Before I get into the commands, I just want to say that Unix offers you many different options for a particular action. For example, you can extract lines with a particular pattern using commands ‘grep’, ‘sed’ and even ‘awk’. The commands used below are the ones I picked and found suitable among many available options. Another person may feel like a different combination of commands is more suited to their purpose.

So, let’s get into some Unix commands that I used to get information on my dataset.

wc -l <filename>
  • Here wc (word count) coupled with the option ‘l’ gives you the number of lines in the file
  • This includes the header of course!
Output of ‘wc’
head -n <filename>
  • Similar to the head(n) function in pandas, this gives the first ’n’ lines of the file
  • This output will give you a fair idea of how data is structured in the file; the headers will give you column names, and the first few lines will give you the type of data contained in each column
Output of ‘head’
cut -d’,’ -f6 <filename> | sort | uniq -c
  • Similar to value_counts() function in pandas, I used this command to get unique values along with their counts, of the column I was interested in
  • This is where the pipe operator comes into picture.
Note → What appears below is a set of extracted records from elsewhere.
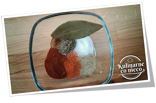 paprykę, cynamon, liść laurowy i tymianek. Wszystko wymieszać.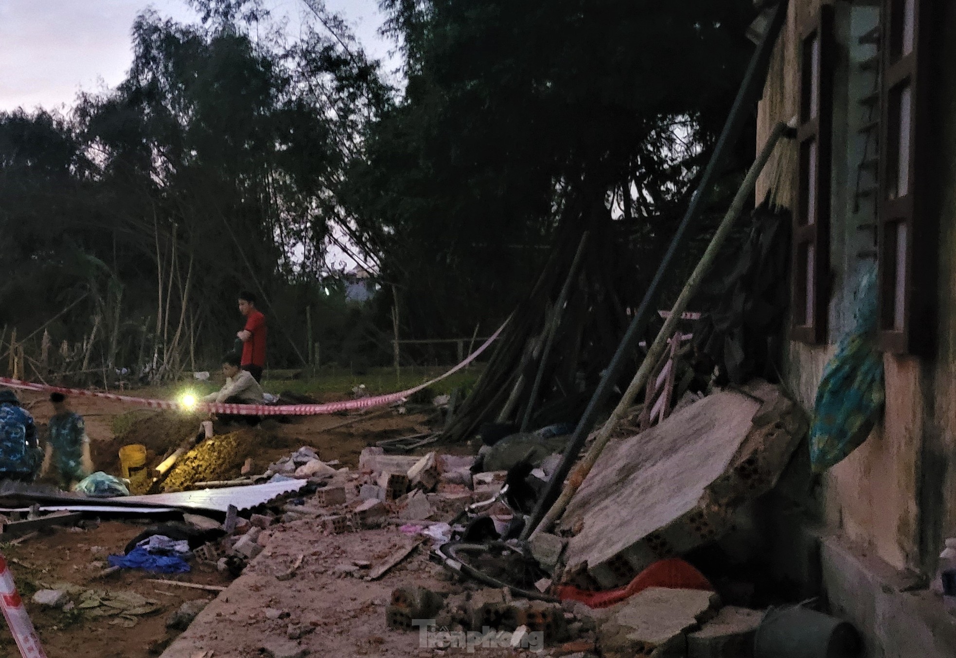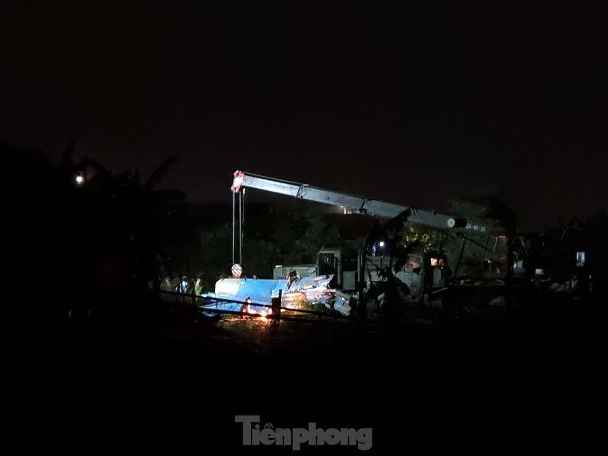 Tiếng đào, cưa, va đập... dội lên nơi máy bay quân sự Su-22 rơi hệt như một công trường. Trong đêm, hàng trăm chiến sĩ vẫn bám trụ lại hiện trường để tìm lại toàn bộ mảnh vỡ, đưa xác máy bay ra khỏi khu dân cư.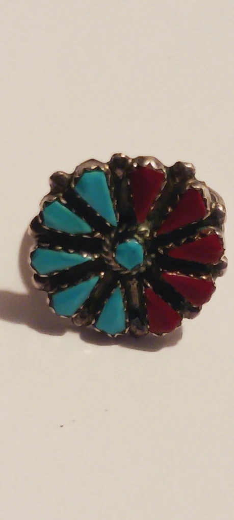 ZUNI NATIVE AMERICAN TURQUOISE RED CORAL PETIT POINT FLOWER DESIGN STERLING SILVER 925 SIGNED RING. SIZE

Piping is a form redirecting, and here it redirects the output of one command to be used as the input of the next on
  • The ‘d’ option is used to specify the delimiter in this case a ‘,’
  • The ‘f’ option is used to specify the field number (in this case a column)
  • The output of cut is then sorted and finally the unique values in column 6 are displayed (Here the numbering of columns does not start with 0)
  • The ‘c’ option gives a count of each unique value
  • You may wonder why sort is used before ‘uniq’; this is because the ‘uniq’ command removes repeated lines from the input and only detects these repeats are adjacent; and this is achieved using ‘sort’
  • I’ve used sort again, to display the counts in decreasing order; ‘n’ does a numeric sort (ascending) and ‘r’ reverses the result
Output of ‘cut, sort, uniq’
head -1 $f > output.csv
awk -F, ‘{ if(($2 == “LARCENY/THEFT”) && ($7 == “SOUTHERN”)) { print} } $f >> output.csv
  • Here, the first command prints the header line to an output file and the second command uses a conditional statement to select lines and print them to the same output file
  • ‘>’ operator creates a new file if it doesn’t exist or overwrites the existing file
  • ‘>>’ operator creates a new file if it doesn’t exist or appends to the existing file
Output of ‘awk’

--

--